Dalam sebuah pelatihan spiritual, peserta diminta untuk membayangkan sedang berada di dalam peti mati setelah dikafani. Pada upacara penguburan, ada beberapa kata sambutan dan salah satunya adalah dari anak yang pernah kita lahirkan. Kalimat apa yang paling kita inginkan untuk didengar? Salah satu peserta berkata “Saya ingin anak saya mengucapkan ‘Mama kami adalah yang terbaik”. Tentu saja untuk mendapatkan suatu komentar tulus yang keluar dari hati, pastilah ada yang kita tanam.
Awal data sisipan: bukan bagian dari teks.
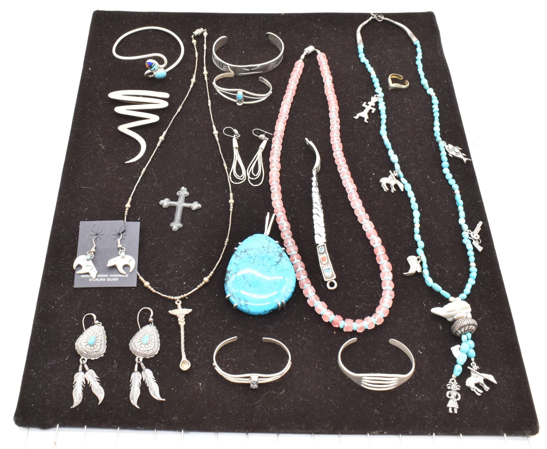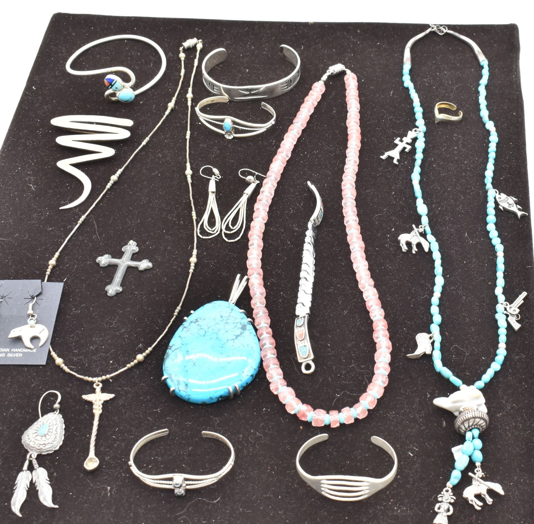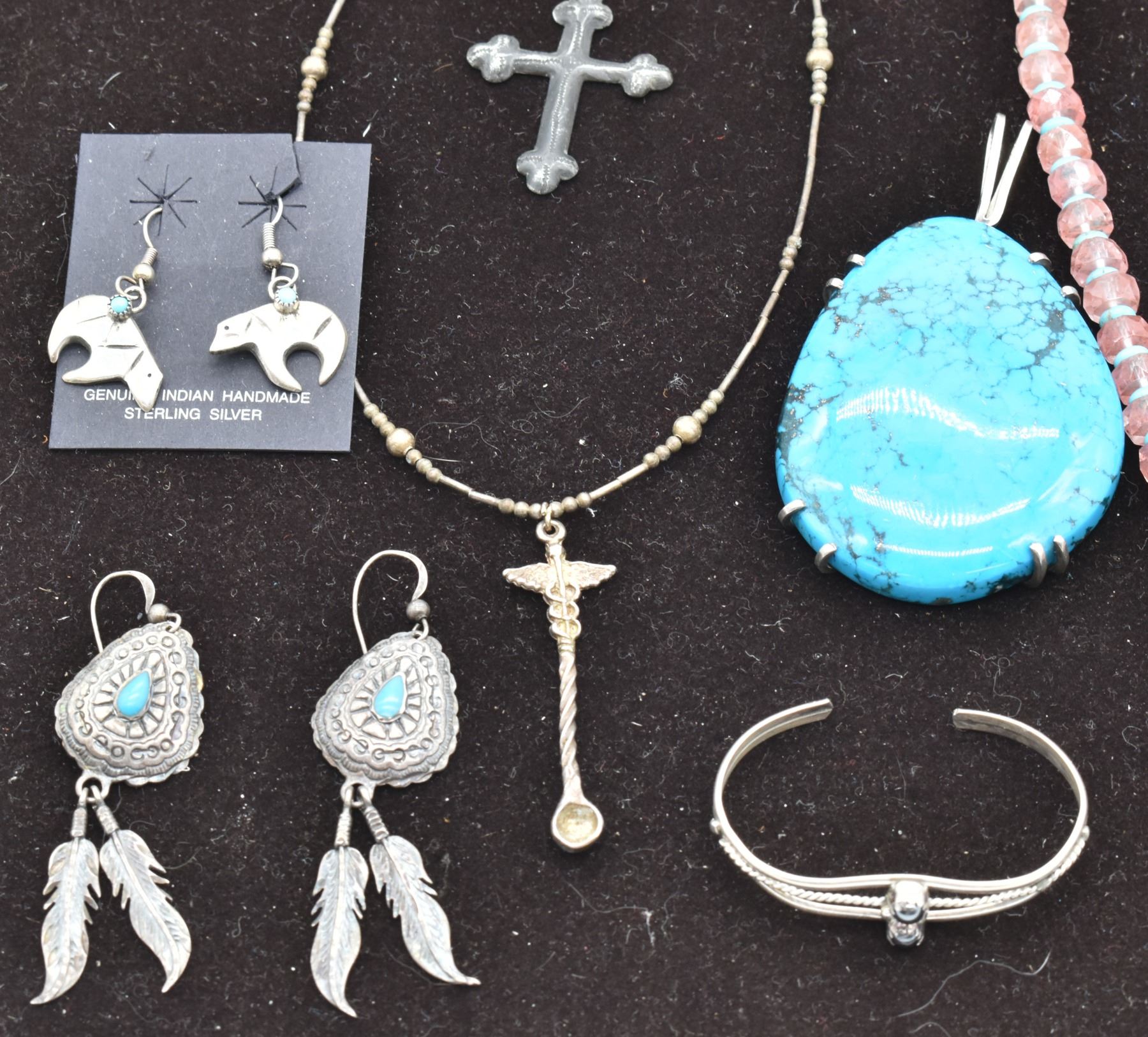 Collection of Jewelry, Some Native American, Some Sterling, includes 3 necklaces, 5 bracelets, pin, watch band, 3 pairs of earrings, and one large pendant, longest necklace measures 21''L end to end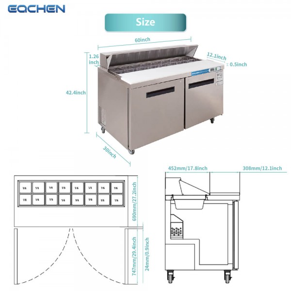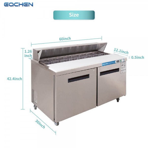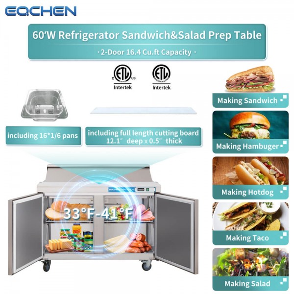 The EQCHEN 60" 2 Door Commercial Salad Sandwich Prep Table is a reliable and efficient refrigeration solution for businesses in the food industry. It features a stainless steel interior and exterior with an anti-fingerprint function, ensuring durability and a clean appearance. The product is backed by a 6-year warranty on the compressor, a 2-year warranty on all parts and labor, and offers manual door-to-door service. The specific model, EQSR-60B, has dimensions of 60x30x42.5 inches, a 1/2 HP compressor, and a capacity of 12.9 Cu.ft. The package dimensions are 62.2 x 45.7 x 32.3 inches, and it includes features such as a swing door, digital LED temperature control, and a US standard plug. In summary, the EQCHEN 60" 2 Door Commercial Salad Sandwich Prep Table combines efficiency, durability, and convenient features to meet the refrigeration needs of businesses in the food industry.

Harus disiram dengan cinta dan ilmu, barulah kita akan menuai manusia yang cerdas dan jernih.
Beberapa minggu yang lalu, salah satu teman kami, seorang dokter wanita meninggal di usia 43 tahun di Kerinci. Akibat terhirup karbon monoksida. Suaminya yang juga seorang dokter kandungan hanya bisa termangu-mangu tak percaya. Tragis. Kami sebagai teman sejawat juga tidak menyangka. Apalagi jenazah dimandikan dan dikafani di masjid yang terbuka. Hanya seperti ini akhir sebuah kehidupan. Perasaan melihat peristiwa itu hampir sama sewaktu berada di Banda aceh, 5 hari setelah Tsunami. Melihat tumpukan jenazah yang akan dikuburkan massal. Saya baru ingat Jalaludin Rumi bertutur “Orang yang arif, pada saat terjadi malapetaka akan berjaga-jaga, untuk menghindari, kematian teman-teman menjadi peringatan. Tak peduli engkau suci atau tidak, hendaknya jangan lari! Justru mendekatlah, karena kedekatan denganNya menambah kesucian”.
Mungkin kita masih diberi kesempatan menghirup oksigen, mencium wangi bunga dan menikmati pagi. Waktu yang tersisa dan masih ada, semoga tetap menjadi sinar untuk anak-anak dan keluarga sebagaimana Bev Shortt yang diberikan waktu 6 tahun oleh dokter setelah operasi jantung. Bagi Bev sejak saat itu setiap pagi adalah anugerah. Dia menghayati setiap detik 6 tahun itu memberikan yang terbaik untuk orang-orang yang dicintai. Dia bertutur “Aku tahu suatu hari akan tiba saat matahari akan terbit tanpa diriku. Tapi Tuhan telah memberi lebih dari yang kuminta. Dan aku sudah belajar betapa berharganya saat itu.” Semoga kita, walaupun hanya sebatang lilin-lemah-kecil, dan sinar yang redup, tetap mampu menunjukkan beda gelap dan terang. Wallahu’alam.